Mickey Avalon (born Yeshe Perl; December 3, 1975) is an American rapper from Hollywood, California. His debut self-titled solo album was released Nov. 7, 2006 on Interscope/Shoot to Kill Records in association with MySpace Records. Frequent topics of Avalon's songs are his experiences with substance abuse and prostitution.

Early life
Avalon was raised in a Jewish family and had a turbulent childhood. His paternal grandparents were Holocaust survivors who were imprisoned at Auschwitz. Though his father cleaned up his act and began attending Alcoholics Anonymous, he was struck and severely injured by a drunk driver leaving a meeting. At age 19, Avalon made the decision to take his father off life support, ending his life.

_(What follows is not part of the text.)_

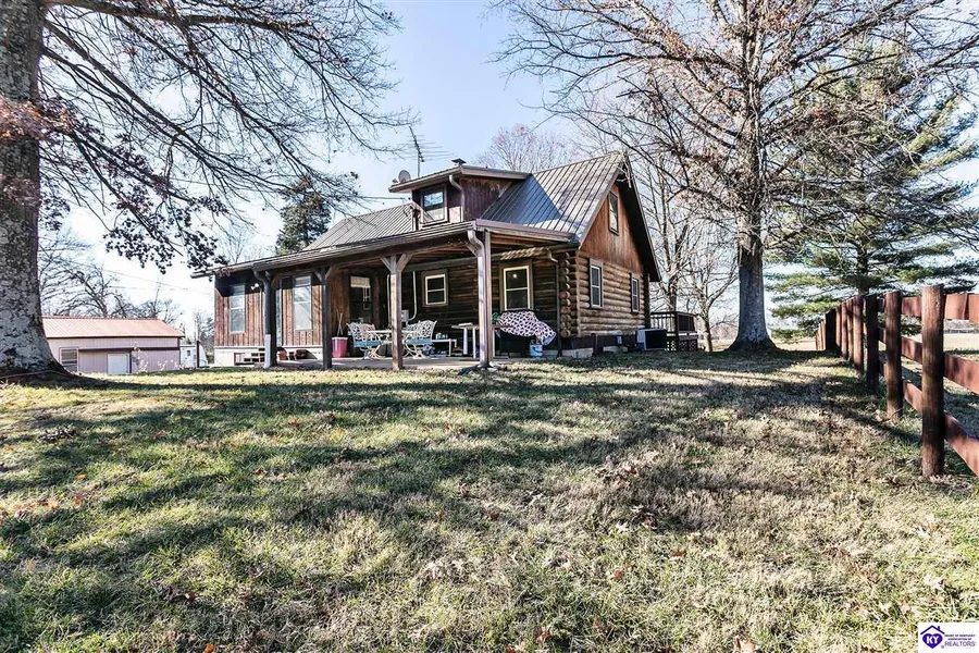 PRICE IMPROVEMENT, MOTIVATED SELLER! Nestled on 13.51 acres of serene countryside, this 2150 sq ft log cabin offers the perfect blend of rustic charm and modern comfort. Escape the hustle and bustle as you enter a world of peaceful quiet and privacy, making it an ideal retreat for those seeking a small farm lifestyle or space for recreational activities. The log cabin charm starts on the main floor with all the classic log cabin aesthetic, creating a warm and inviting atmosphere. With 2 bedrooms on the main floor (primary on the Main level) and an additional 2 bedrooms upstairs, there's ample room for family and guests. The kitchen boasts stainless steel appliances, providing a perfect blend of functionality and style and a split unit upstairs ensures comfort in every season. A sunroom provides the perfect spot to soak in the surroundings, and a full unfinished basement walks out to a 2-car garage for convenient access. Enjoy the beauty of mature trees surrounding the property, with a mix of wooded and cleared areas. Store all your recreational toys in the 30 x 40 shop, or fill the barn with farm pets that includes 3 stalls, and an extra outbuilding that offers endless possibilities for hobbies, storage or small farm equipment. Stainless Steel Kitchen: Situated in the heart of Brandenburg, KY, this property offers country living at its finest, with easy access to amenities and the tranquility of a rural setting. This property is perfect for small farm enthusiasts, recreational vehicle owners, hunting enthusiasts, and all nature lovers! This property invites you to embrace a lifestyle of outdoor enjoyment. Explore the potential of this charming log cabin, where every day feels like a retreat in the heart of nature. Schedule a showing today and discover the possibilities that await you in this picturesque slice of Brandenburg, KY.

During his late teens, Avalon briefly adhered to Orthodox Judaism in an effort to stay off the streets. Avalon continued as a sex worker and drug dealer until finding success in the music industry. By his early 20s, Avalon married, had a daughter, and moved to Portland, Oregon. While battling drug addiction, Avalon moved in with his sister (also a drug addict) with the hope that they could aid each other in recovery. During this time, his sister relapsed and died from a heroin overdose. Deciding that he wanted more out of life, Avalon moved back to Los Angeles to make a final attempt to clean up his act. It was shortly after this return to Southern California that Avalon met Simon Rex and began to gain recognition for his music. He also met Kevin Spacey  during this time period and became his personal pool boy.

Street art
Avalon is a member of the Los Angeles-based graffiti crew CBS (Can't Be Stopped / City Bomb Squad).

Personal life
Avalon has two younger half-brothers (who are identical twins). He has helped them relocate to the Los Angeles area and enter the music industry.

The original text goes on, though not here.